Брак – самый публичный и в то же время потаенный социальный институт, его беды так же неотвязны, как сухой кашель, только эти частные тревоги труднее диагностировать. И нет ничего более разрушительного для светского общения, чем личные несчастья кого-либо из присутствующих. Никому не приятно сидеть в неловком молчании, чувствуя несовместимость и взаимную неприязнь хозяев друг к другу. Создавалось впечатление, что стоило Эмили открыть рот, как Гарольда мгновенно охватывало раздражение. Никакое ее мнение не заслуживало того, чтобы выслушивать его. Пустая домашняя болтовня – а о чем еще жена могла говорить? – неизменно возмущала его своей банальностью, Гарольд с якобы безропотно-терпеливым, нарочито скучающим видом клал нож и вилку, как только она, предварительно покосившись на него, заставляла себя заговорить. Если бы Эмили была съежившимся от страха домашним животным со лживой по существу жалобной мольбой во взгляде, искушение пнуть его ногой было бы для Винсона непреодолимо. И он пинал – словесно.

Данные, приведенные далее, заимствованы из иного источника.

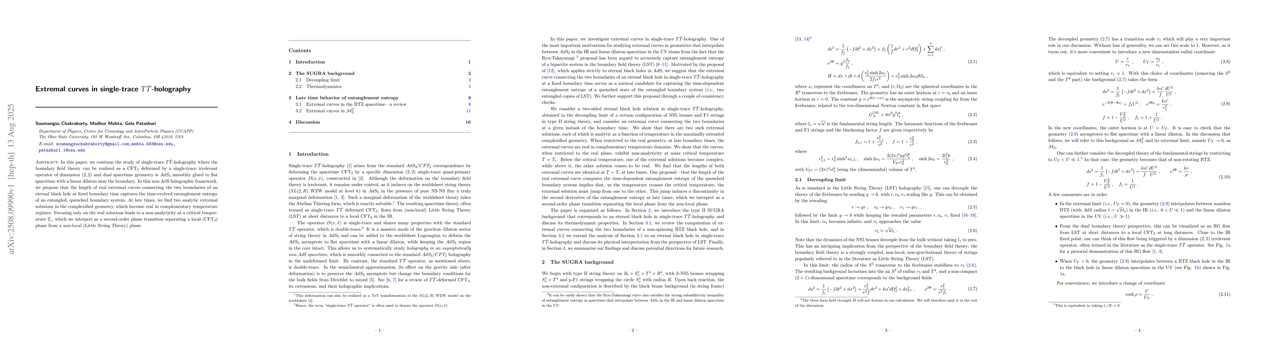 In this paper, we continue the study of single-trace $T\bar{T}$-holography where the boundary field theory can be realized as a CFT$_2$ deformed by a single-trace irrelevant operator of dimension $(2,2)$ and dual spacetime geometry is $AdS_3$ smoothly glued to flat spacetime with a linear dilaton near the boundary. In this non-AdS holographic framework, we propose that the length of real extremal curves connecting the two boundaries of an eternal black hole at fixed boundary time captures the time-evolved entanglement entropy of an entangled, quenched boundary system. At late times, we find two analytic extremal solutions in the complexified geometry, which become real in complementary temperature regimes. Focusing only on the real solutions leads to a non-analyticity at a critical temperature $T_c$, which we interpret as a second-order phase transition separating a local (CFT$_2$) phase from a non-local (Little String Theory) phase.
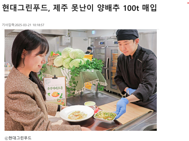 현대그린푸드가 제주산 저탄소 양배추 매입에 나선 것은 작황 악화로 생산량이 감소해 가 격이 오른 상황에서, 값싼 중국산 양배추 수입이 늘며 농가가 판로 확보에 어려움을 겪고 있 기 때문이다.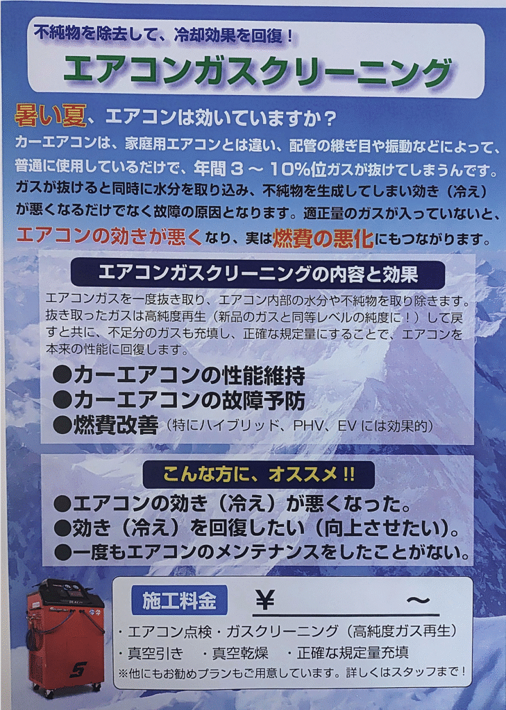 また自動車のエアコン配管内のクリーニングも行うことができます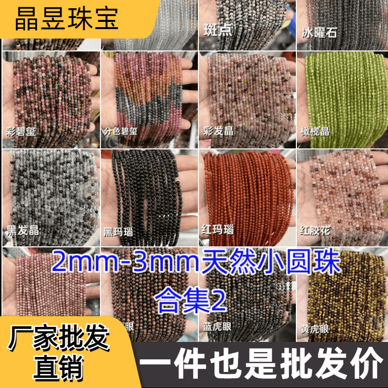 2mm3mm小玉散珠米珠隔珠天然水晶碧璽虎眼石珠鎖diyアクセサリー半製品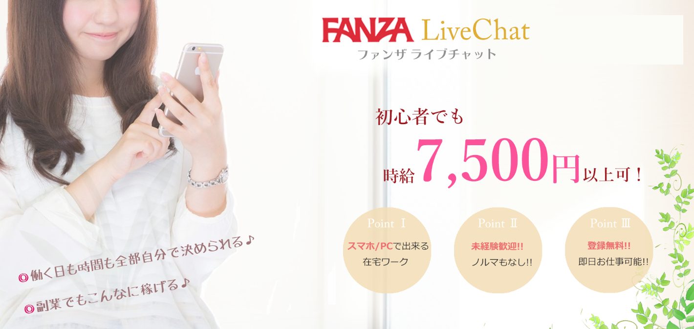 自分の好きなタイミングで稼げるFANZAの在宅チャットレディ! ノンアダルトだから安心!スマホでかんたん在宅ワーク 時給7,500円以上可、安心の個人情報対策、最短翌日振込! |

Неудивительно, что у них было мало друзей. Теперь я думаю, что, вероятно, правильнее сказать, что настоящих друзей они не имели вовсе. Единственной, кроме меня, его коллегой, вхожей в их дом, была Вера Пеллинг, преподававшая естественные науки в младших классах. Но она, бедняга, была настолько непривлекательна и скучна, что выбор у нее оставался невелик. Вера Пеллинг являла собой ходячее опровержение теории, столь обожаемой журналистами, пишущими о красоте и моде в женских журналах, будто любая женщина, приложив определенные усилия, может улучшить свою внешность. Со свинячьими глазками и несуществующим подбородком Веры Пеллинг ничего нельзя было сделать, да она благоразумно и не пыталась. Прошу прощения, если высказался грубо. Вера была неплохой женщиной. И если считала, что иногда вместе со мной бесплатно поужинать у Винсонов лучше, чем есть одной в меблированной съемной квартире, то, полагаю, у нее, как и у меня, имелись на то соображения. Не припомню ни одного своего визита к Винсонам, чтобы там не было также и Веры, хотя Эмили трижды с разрешения Гарольда приходила ко мне позировать для портрета. Работа не увенчалась успехом. Результат напоминал имитацию раннего Стэнли Спенсера. Каким бы ни был смысл того тайного послания, который я надеялся уловить в необычном серо-зеленом мерцании этих удивительных глаз, передать его мне не удалось. Увидев портрет, Винсон сказал:
– Вы поступили благоразумно, мой друг, выбрав преподавание средством существования. Хотя, глядя на эту попытку, я бы сказал, что выбор едва ли был сознательным.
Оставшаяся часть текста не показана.